On another note, Uber has launched XL here. I am curious if that puts the town closer to their first rate cut? The presence of XL, on slower nights with tons of cars etc, that seems to pit the two platforms against each other in my mind. That is an interesting development, but I digress.

Nice wagon you have coming, enjoy.


----------



## Desert Driver (Nov 9, 2014)

Samename said:


> Pretty slick, is it an Accord?


Yes. 2016. V6 with manual 6-speed.


----------



## Desert Driver (Nov 9, 2014)

Dontmakemepullauonyou said:


> I think uber should start providing a service called something like UberSOLO for those people that know they are uber'ing by themselves and don't need 4 doors.


Not that I'd use a new car for Ubering, but you do make an excellent suggestion. UberSOLO - I like it. I like it a lot!


----------



## Uberselectguy (Oct 16, 2015)

Unfortunately Uber Solo completely defeats the Uber model. Instead Ubers thrust is more like Uber Pool, as of this writing they are having you pinged on rides close or enroute to your drop off location. The more the drivers, the more the passengers and of course, screw the drivers in the end.

I hate to be the purveyor of bad news, it is what it is.

As for using a 2016 anything on the Uber platform spells disaster for the driver. Read my recent posts. After wear and tear including accelerated depreciation, you will be among the lowest in net earnings. Never ever use a new car, it makes for a very poor financial decision.


----------



## Samename (Oct 31, 2014)

Uberselectguy said:


> Unfortunately Uber Solo completely defeats the Uber model. Instead Ubers thrust is more like Uber Pool, as of this writing they are having you pinged on rides close or enroute to your drop off location. The more the drivers, the more the passengers and of course, screw the drivers in the end.
> 
> I hate to be the purveyor of bad news, it is what it is.
> 
> As for using a 2016 anything on the Uber platform spells disaster for the driver. Read my recent posts. After wear and tear including accelerated depreciation, you will be among the lowest in net earnings.

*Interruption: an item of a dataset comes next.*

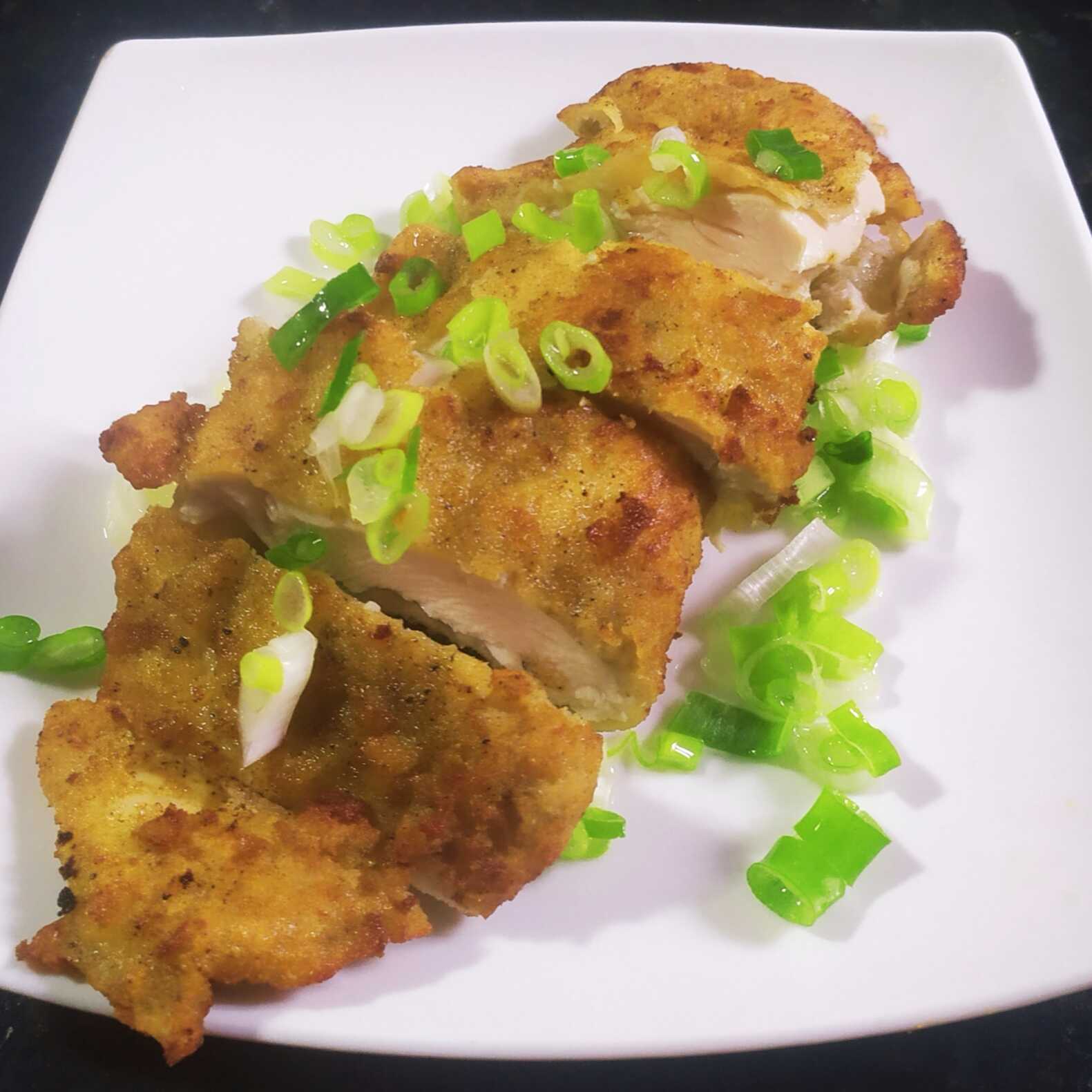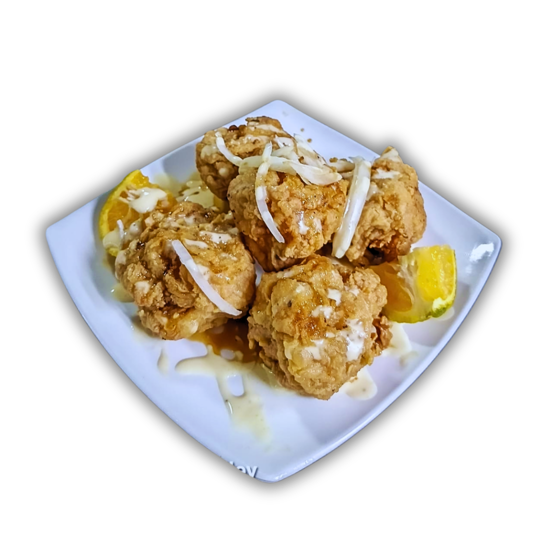 Pollo frito al estilo japonés con ajo, jengibre y soya, salsas de la casa, lechuga y cebolla.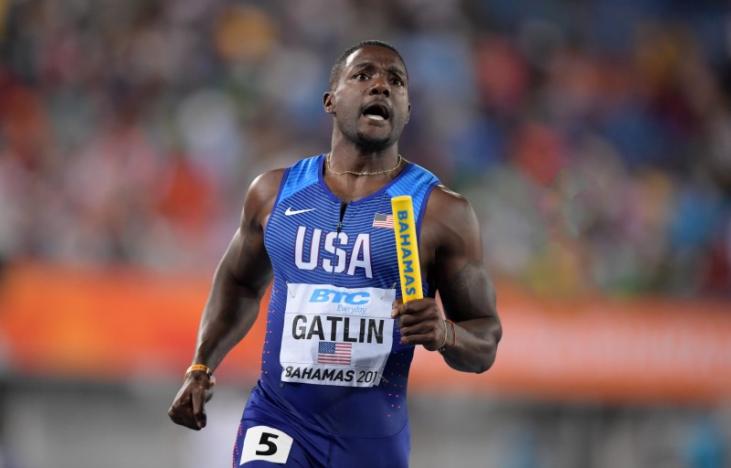 Run down by Canadian Olympic medallist Andre De Grasse in the earlier heats, Gatlin romped home in the final, leading the U.S. team of Leshon Collins, Mike Rodgers and Ronnie Baker to victory in 38.43 seconds.

Never ever use a new car, it makes for a very poor financial decision.


I am all for less cars on the road... But, Uber needs to allow drivers more discretion in the destination they are going.


----------



## CNJtrepreneur (Mar 25, 2015)

Problem with UberSOLO concept is, I've heard somewhere that it's illegal under most state laws to use any 2-door vehicle for passenger transport. Again, this is just hearsay (any lawyers in the audience confirm this?), but that would definitely explain why you never see a taxi / limo / Uber / Lyft with 2 doors.


----------



## Uberselectguy (Oct 16, 2015)

With Uber it's all about number of Pax carried, number of fares per car, revenue per car and ROI.

They will never, ever adopt coupes. Too limiting.

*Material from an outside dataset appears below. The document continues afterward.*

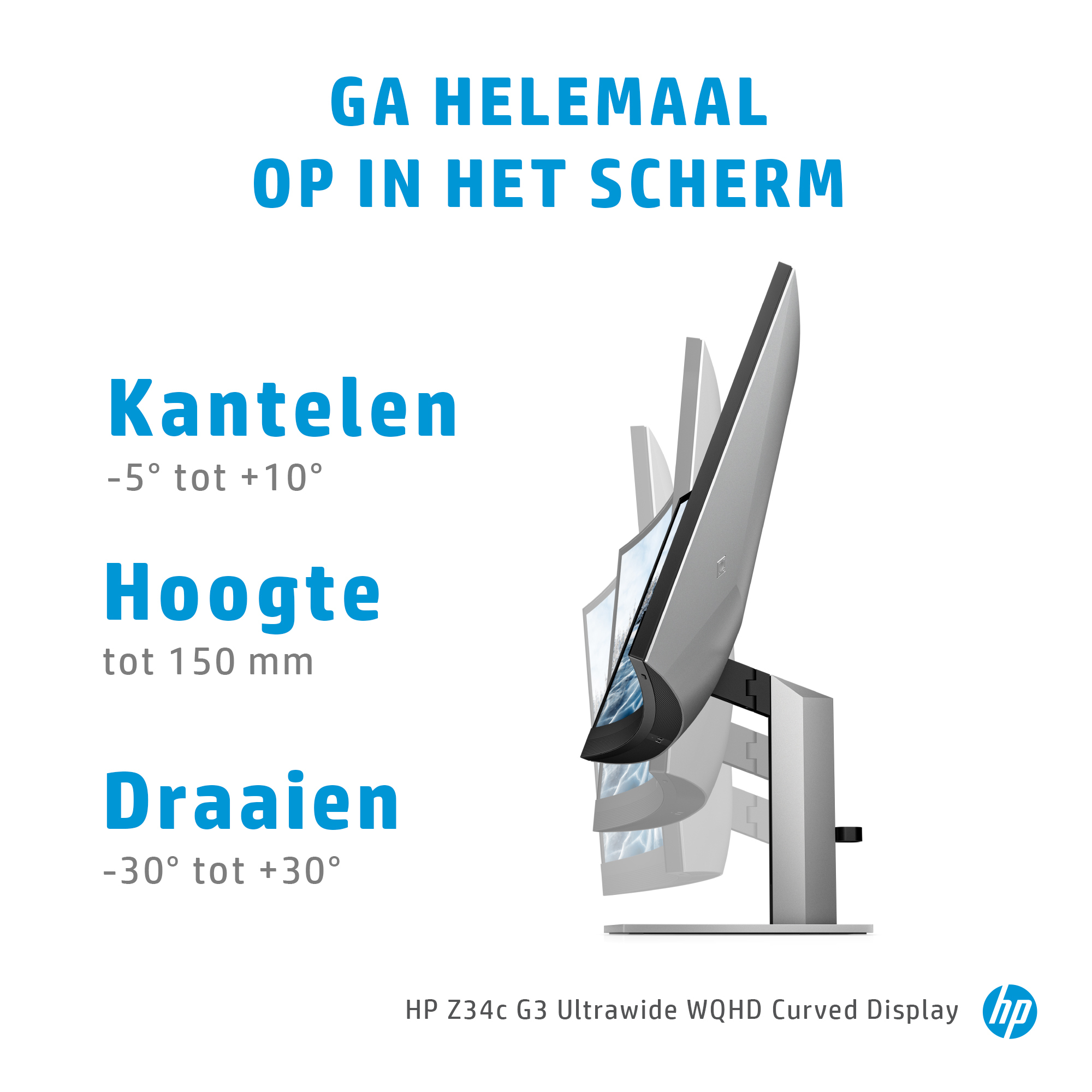 HP Z34c G3, 86,4 cm (34"), 3440 x 1440 pixels, Wide Quad HD, LED, 6 ms, Gris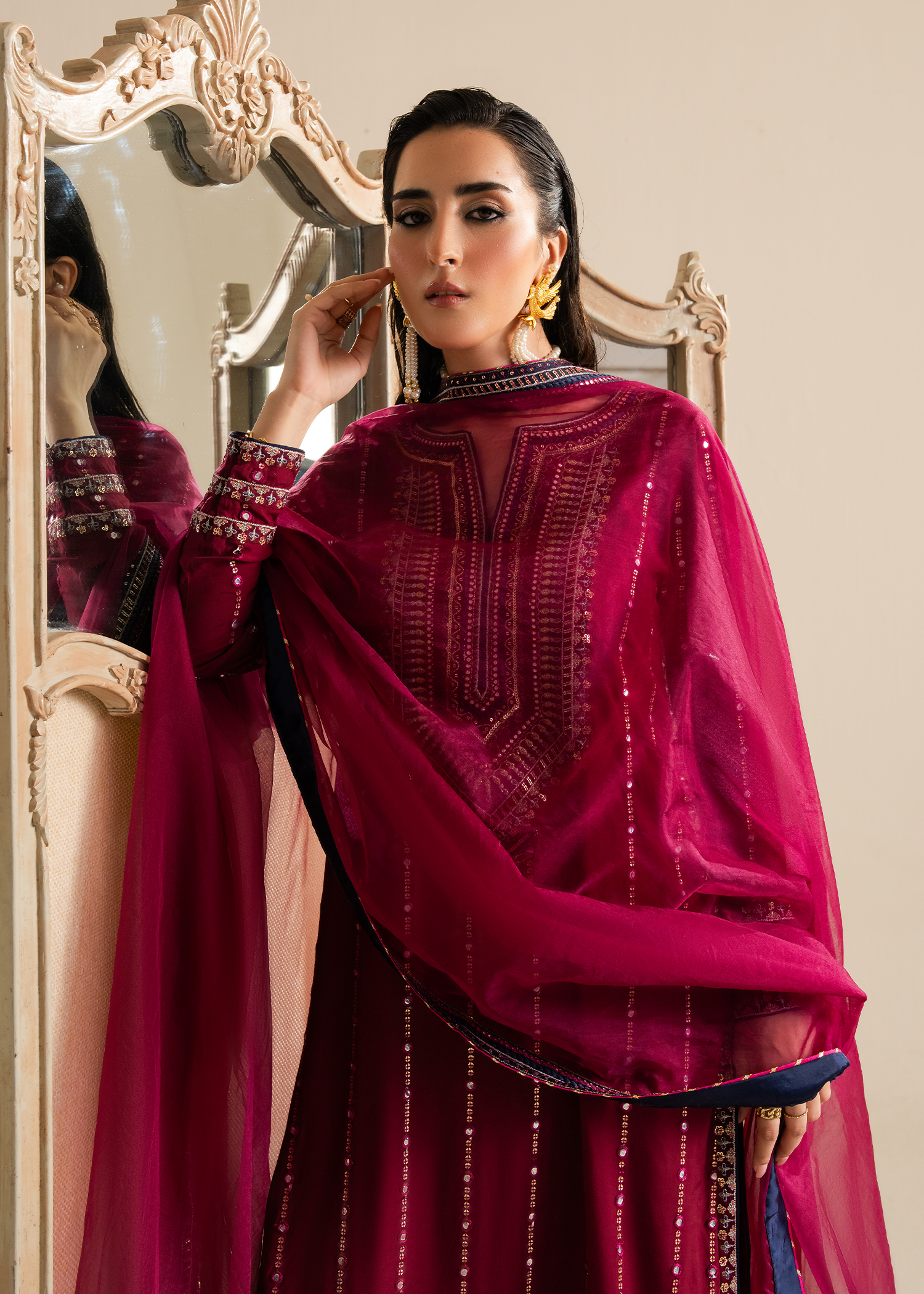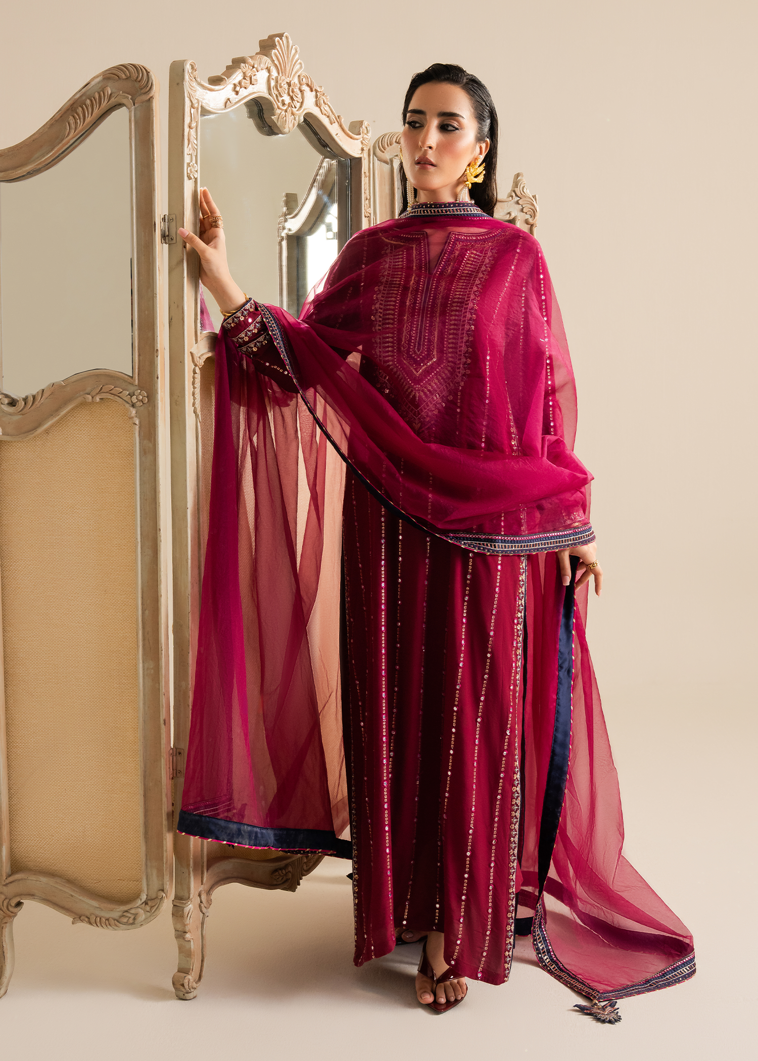 A stunning organza dupatta, adorned with thread embroidery and finished with a bold navy blue contrast border to complete your look.

If anything, they will move more in the direction of XL and POOL. Plus over saturation of drivers.

AS THE PIMPS SAY .."Mo bitzes, mo money"


----------



## JMBF831 (Aug 13, 2015)

Uberselectguy said:


> With Uber it's all about number of Pax carried, number of fares per car, revenue per car and ROI.
> 
> They will never, ever adopt coupes. Too limiting.
> 
> ...


But you can seat four passengers in a coupe. It can be a little bit of a hassle though because they have to go through the passenger side door.


----------



## Desert Driver (Nov 9, 2014)

JMBF831 said:


> But you can seat four passengers in a coupe. It can be a little bit of a hassle though because they have to go through the passenger side door.

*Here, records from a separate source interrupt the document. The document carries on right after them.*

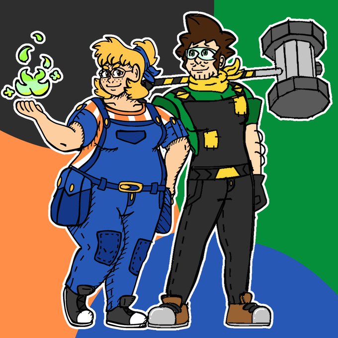I have a bunch more ocs than shown here, but the green and orange ones (Hammond and Evelyn) are my favs and most drawn by a BIG margin lmao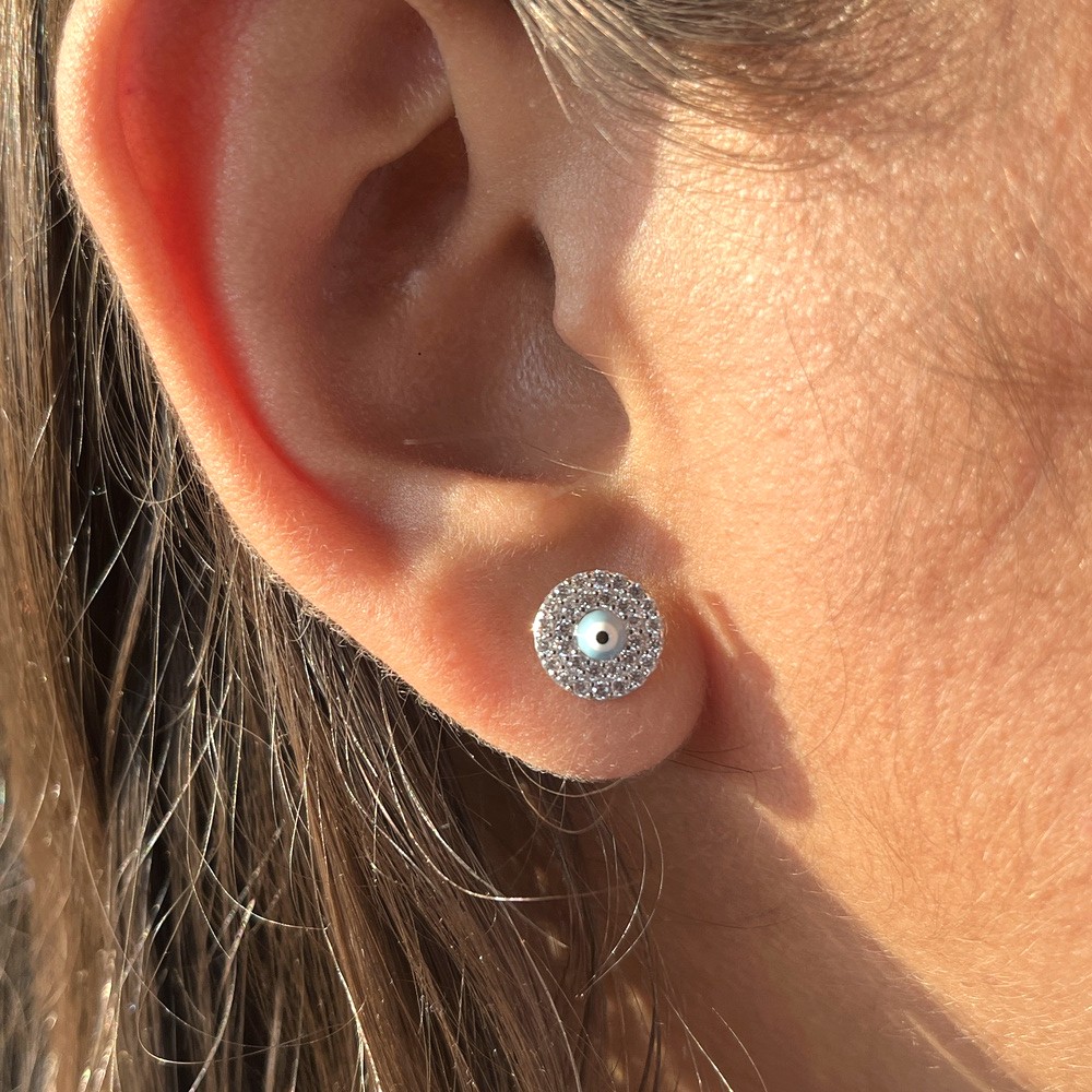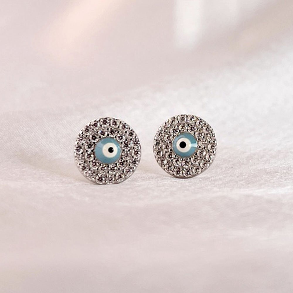 • 925 Sterling Silver Oval Evil Eye Earrings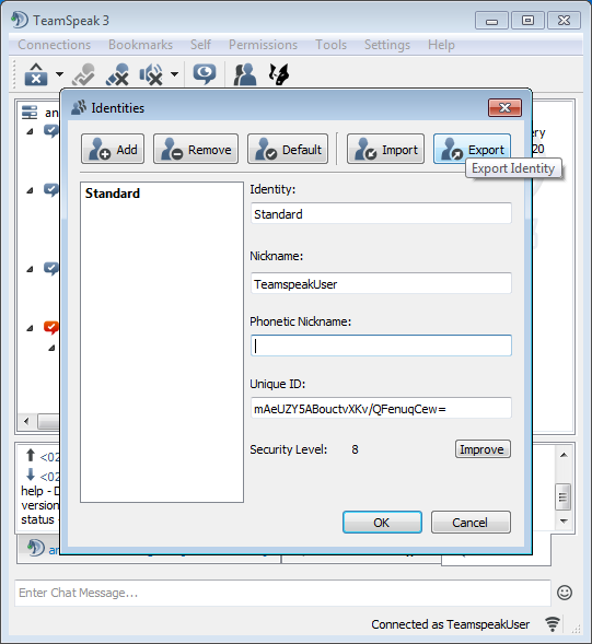 The first thing you should do when planning on using my TeamSpeak server for a longer period of time is backing up your TS identity. It's the one thing that, well, identifies you within the TeamSpeak network. Everything is tied to this identity: Your levels, channel access, permissions. Reinstalling your operating system or properly uninstalling TS will cause loss of the files in question. If you lose your TS identity you lose everything on my and other servers. And there is no way of getting it back if you don't know the server admin personally. And even then possibilities are limited.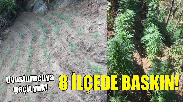 Bergama, Beyda?, Güzelbahçe, Karaba?lar, Kiraz, Ödemi?, Tire ve Torbal? ilçelerinde yap?lan operasyonlarda 48 ki?i gözalt?na al?nd?. Adreslerde yap?lan aramalarda 51 bin 305 gram kubar esrar, 125 gram metamfetamin, 903 adet sentetik hap, 20 uyu?turucu içme aparat? ile ormanl?k araziye dikili vaziyette 6 bin 379 kök kenevir bitkisi ele geçirildi.

Yes. It's a five-passenger coupe. However, Uber insists on four doors. But that's OK because I'm not going to drop 30K on a vehicle and then subject to the ravages of drunk strangers.


----------



## limepro (Mar 7, 2015)

My buddy did Uber in a 2 door accord, he stopped driving after a week though, he didn't like it.


----------



## Simon (Jan 4, 2015)

Desert Driver said:


> Yes. 2016. V6 with manual 6-speed.


Lovely I have a 2015 V6 Manual. Pay tge extra for the HFP wheels and summer tires. Well worth it. Took me 3 weeks for the boat to drop it for me. BTW.. its on my Uber driver account as well. Its listed as an Accord only.. so THE CSR just approved it.


----------



## Desert Driver (Nov 9, 2014)

Simon said:


> Lovely I have a 2015 V6 Manual. Pay tge extra for the HFP wheels and summer tires. Well worth it. Took me 3 weeks for the boat to drop it for me. BTW.. its on my Uber driver account as well. Its listed as an Accord only.. so THE CSR just approved it.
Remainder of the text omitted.